Figure 3. Metabolic responses across study design phases identified by mixed linear model analysis. (a-h) show metabolites that reached statistical significance in at least one of three analytical models: early exercise (B-B3), peak exercise (B-B2/B3 for low fitness; B-B5/B6/B7 for high fitness), and recovery (1–60 min post-exercise). Dotted lines connect the final exercise timepoint to the first recovery timepoint; these connections span different models and were not included in statistical analyses. Significance levels: p ≤ 1, *p ≤ 0.05, **p ≤ 0.01, ***p ≤ 0.001.
Of interest, only 4 metabolites had the same classification in exercise and recovery. Cysteine was the only metabolite that maintained differences across both fitness groups during exercise and recovery, while TGs (TG 18:0_30:1, TG 18:1_26:0 and TG 18:1_30:2) started different at the onset of both exercise and recovery and ended not significantly different (Table 1). While it may seem surprising that these TGs at B3 were similar but started different at P1, this may be due to the response to exhaustion in the LF group (which ends at B3) versus the HF group (which can go to B7).
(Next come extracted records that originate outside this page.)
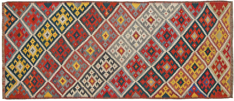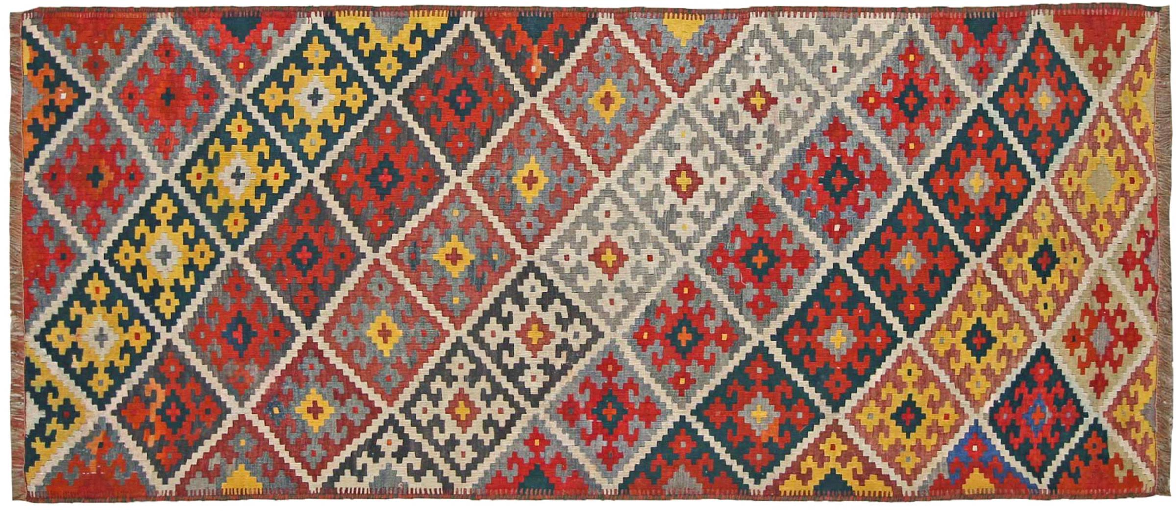 Estes tapetes quilim mostram uma diferença decisiva em relação aos tapetes feitos à mão - são tecidos à mão. Assim, não têm uma grande pilha de lã e são frequentemente mais achatados e ásperos do que os tapetes de lã nodados. O seu fabrico é menos elaborado e, por isso, são normalmente muito mais baratos. Como vantagem, os tapetes kilim são também muito mais leves e podem ser colocados pela frente e por trás. Os quilims tecidos à mão provêm originalmente da antiga Pérsia e são agora frequentemente fabricados também no Afeganistão. Têm padrões bastante simples e simples, que se devem à sua técnica de tecelagem.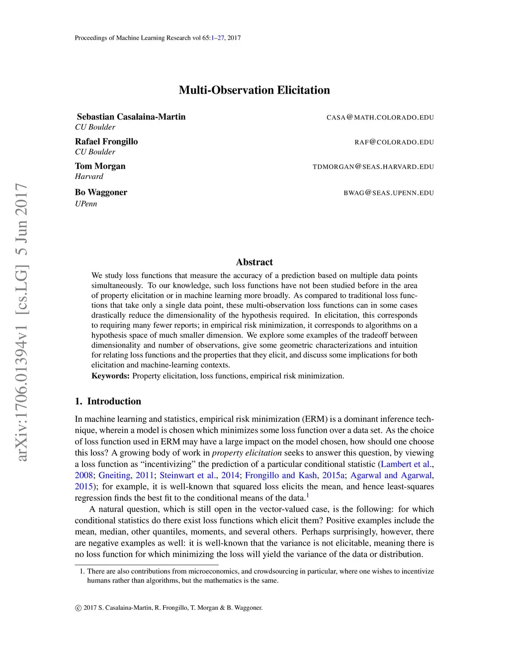 We study loss functions that measure the accuracy of a prediction based on multiple data points simultaneously. To our knowledge, such loss functions have not been studied before in the area of property elicitation or in machine learning more broadly. As compared to traditional loss functions that take only a single data point, these multi-observation loss functions can in some cases drastically reduce the dimensionality of the hypothesis required. In elicitation, this corresponds to requiring many fewer reports; in empirical risk minimization, it corresponds to algorithms on a hypothesis space of much smaller dimension. We explore some examples of the tradeoff between dimensionality and number of observations, give some geometric characterizations and intuition for relating loss functions and the properties that they elicit, and discuss some implications for both elicitation and machine-learning contexts.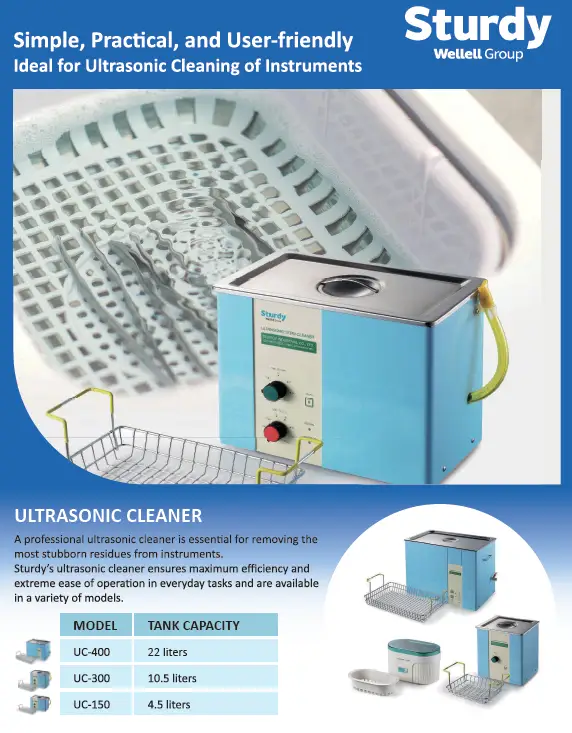 The Sturdy Ultrasonic Cleaner is a professional-grade cleaning solution designed to remove the most stubborn residues from instruments with maximum efficiency. Built for simplicity and practicality, this ultrasonic cleaner offers extreme ease of operation for everyday tasks. Available in three versatile models to suit different workloads, the Sturdy Ultrasonic Cleaner is ideal for ultrasonic cleaning of instruments in medical, dental, laboratory, and industrial settings. Sturdy construction ensures long-lasting reliability, making it a trusted choice for professionals.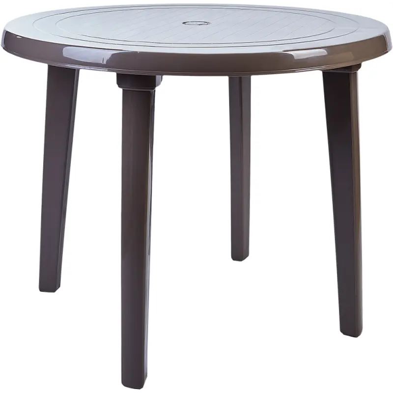 Гладка поверхня легко очищається і не вимагає складного догляду. У стільниці передбачено отвір для парасольки із захисною заглушкою. Знімні ніжки спрощують транспортування і зберігання.

Interestingly, in both exercise and recovery, the metabolomic changes predominantly observed were in TGs, bile acids and SMs. Only 17 TGs had baseline line levels that were different, with 14 TGs similar at the end of exercise and throughout recovery and 3 switching at the end of exercise. There were 5 TGs that were similar at baseline, but were different at the start of the recovery, except for TG 20:5_36:3. Of the bile acids, only TCA and GCA had different profiles, with GCA maintaining its baseline difference throughout exercise while they converged to be similar between LH and HF at the end of recovery. TCA, on the other hand, started different at baseline during exercise but converged to similar levels between the two group at the end (B3 for LF and B7 for HF). Similar to the TGs discussed above, the difference in the level of exhaustion (B3 for LF and B7 for HF), may explain why they may have been similar by B3 but resulted in different baseline levels at P1. The rest of the bile acids were similar at baseline; however, circulating levels were different at the start of recovery but by the end of recovery both groups had similar levels. Of the ceramides and SMs, at baseline only Cer d18:0_24:1 was different between the LF and HF groups. At the start of recovery 4 hydroxy-SMs, Cer d18:1_26 and Hex3_Cerd18:1_16:0 were different, whereas SM 20:2, and three ceramides were different at the end of recovery.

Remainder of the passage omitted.